Could you restate word for word the lines running from the one with "大胆なデザインとカラーが目を引く、トレンドのニット素材のトートマルシェバッグ" to the end of the data, both ends included, but without pictures?

» DATASET SECTION:
#####
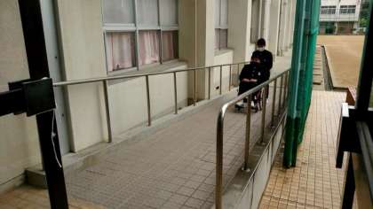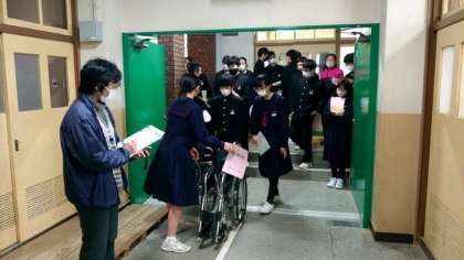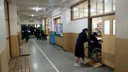 2年生の皆さんがペアになって、校内を車イスで巡ります。段差のある箇所やスロープなど、注意が必要なところでの操作方法を実体験。いざ操作してみると、難しさがよくわかりますね。
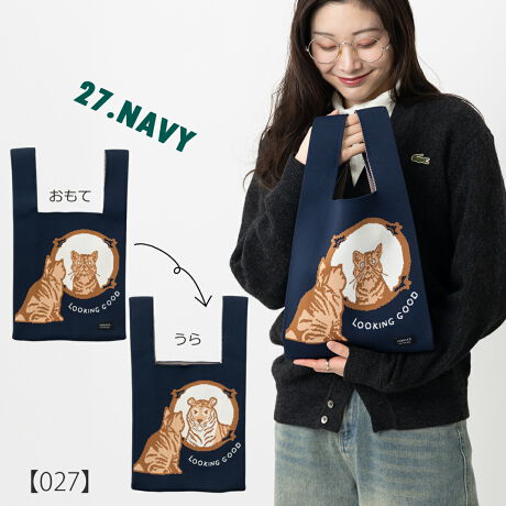 大胆なデザインとカラーが目を引く、トレンドのニット素材のトートマルシェバッグ
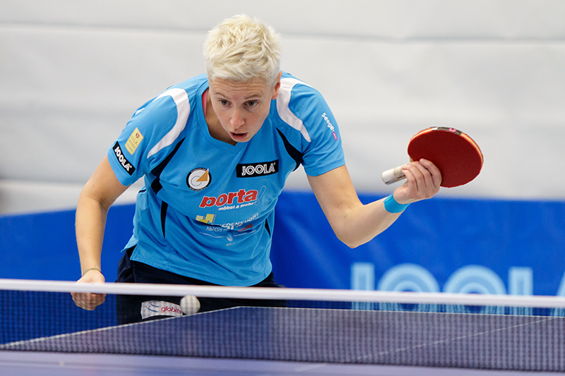 Beschreibung | Beim BL-Match gegen Bingen hatte sie gegen Chantal Mantz mehr Schwierigkeiten als gedacht, doch konnte sie sich schließlich nach fünf Sätzen mit 3:2 durchsetzen |
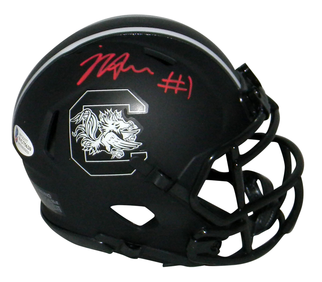 Jaycee Horn, former star cornerback for the Gamecocks, has hand signed this South Carolina Riddell Speed Eclipse mini helmet at a private signing. This item comes with a certificate of authenticity (COA) from Beckett Authentication Services and was signed in the presence of one of their representatives. You will receive a serial-numbered COA along with a matching serial-numbered sticker on the helmet. The authenticity can be verified online by entering the serial number.Item pictured may not be the exact item you will receive. It will be similar quality, and we guarantee your satisfaction.
#####
» OUTPUT FOR THIS EXERCISE:
 大胆なデザインとカラーが目を引く、トレンドのニット素材のトートマルシェバッグ
 Beschreibung | Beim BL-Match gegen Bingen hatte sie gegen Chantal Mantz mehr Schwierigkeiten als gedacht, doch konnte sie sich schließlich nach fünf Sätzen mit 3:2 durchsetzen |
 Jaycee Horn, former star cornerback for the Gamecocks, has hand signed this South Carolina Riddell Speed Eclipse mini helmet at a private signing. This item comes with a certificate of authenticity (COA) from Beckett Authentication Services and was signed in the presence of one of their representatives. You will receive a serial-numbered COA along with a matching serial-numbered sticker on the helmet. The authenticity can be verified online by entering the serial number.Item pictured may not be the exact item you will receive. It will be similar quality, and we guarantee your satisfaction.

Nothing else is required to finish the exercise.